Defensively, Perez is still a little raw, but has the tools to be an average shortstop. He has an above average arm, reacts well and can cover some ground, but his actions aren’t very refined. He’ll overwork a play at times, rushing when it isn’t necessary and occasionally booting a routine chance. Those mistakes should be moderated by more experience and maturity on the field. Overall Perez has solid hands, will catch just about everything hit his way and has an accurate arm when he throws under control. In time he should be be roughly average at shortstop or second base if the organization prefers.
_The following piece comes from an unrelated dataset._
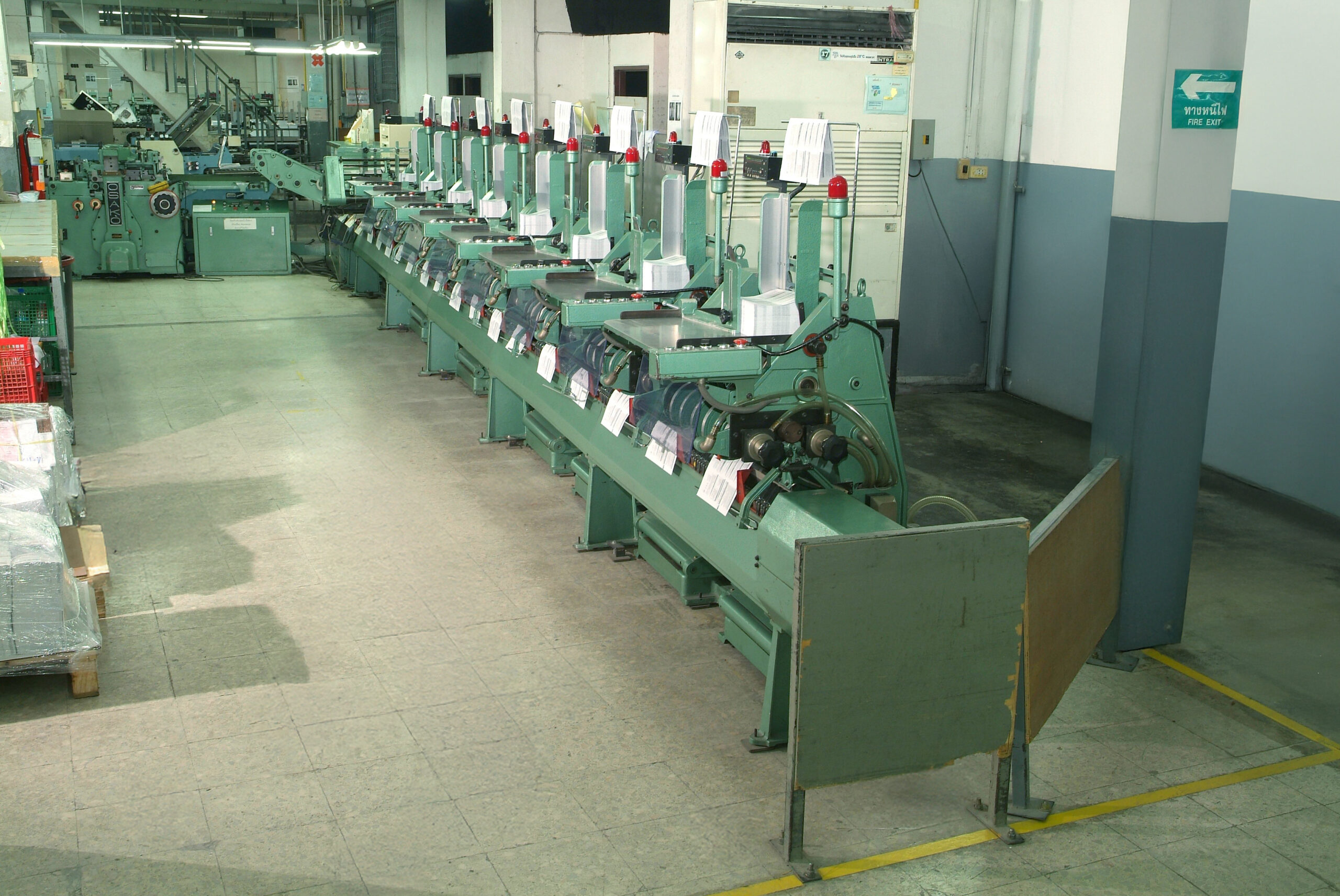 BrandEquipment NameQuantityOSAKOSADDLE-STITCHING SYSTEM QRT3682 UNITSOSAKOSADDLE-STITCHING SYSTEM RS-II+OS-62 UNITSTSKPERFECT BINDER TSK TM-181 UNITSTSKGATHERER 20 STATIONS1 UNITTSKGATHERER 14 STATIONS1 UNITYOSHINOTHREE-KNIFE TRIMMER2 UNITSITOTECPAPER CUTTER 115 MODEL4 UNITS

The real issue for Wenceel Perez is a lack of power. Not just home run power either. Perez needs to drive the ball in the air more, and he’s going to need to adjust to do so. Right now he’s playing a game of pepper out there too often, trusting his hands to put the barrel on the ball rather than maximizing that contact ability with better pitch selection. When he does wait for a good pitch to hit, he often drills hard groundballs rather than driving the ball down the lines or up the gaps.
Perez does have good hands and plenty of feel for contact, and he’s a pretty well built 5’11”, 195 pounds. So the physical ability to hit for decent, if below average, power are in place. Patience early in counts might do more for him than adding muscle or pressing too much to add loft to his swing, but all three are going to be required for Perez to top out as a major league regular.
Too often in 2019, Perez went through stretches where he regularly gave at-bats away with weak contact on pitchers’ pitches early in counts. If he can trust his hands enough to stay patient and hunt better pitches knowing that he can likely still put the ball in play with two strikes, it’s possible he could surprise with near average pop as he matures. Still, it’s worth noting that FanGraphs, despite being the site highest on Perez in many ways, projects him for just 40 game power, which is a full grade below average.
Overall this is a solid package of tools without anything really eye-popping. The consensus outlook on Perez is as a future utilityman with a little upside, but that contact ability and speed, with progression in his defense, does give him a well-rounded foundation to reach the major leagues. He’ll just have to get everything out of his bat to actually lay claim to a full-time role as the Tigers shortstop someday.
Projected Team: Low-A West Michigan Whitecaps
Perez has a full season and change of Midwest League action under his belt already, but a brief tune-up there to start the year is probably indicated. He got off to a slow start last season, but hit better in July and August. Look for the Tigers to let him build off that for a month or two and try to gather some confidence and momentum before a move to Lakeland this summer.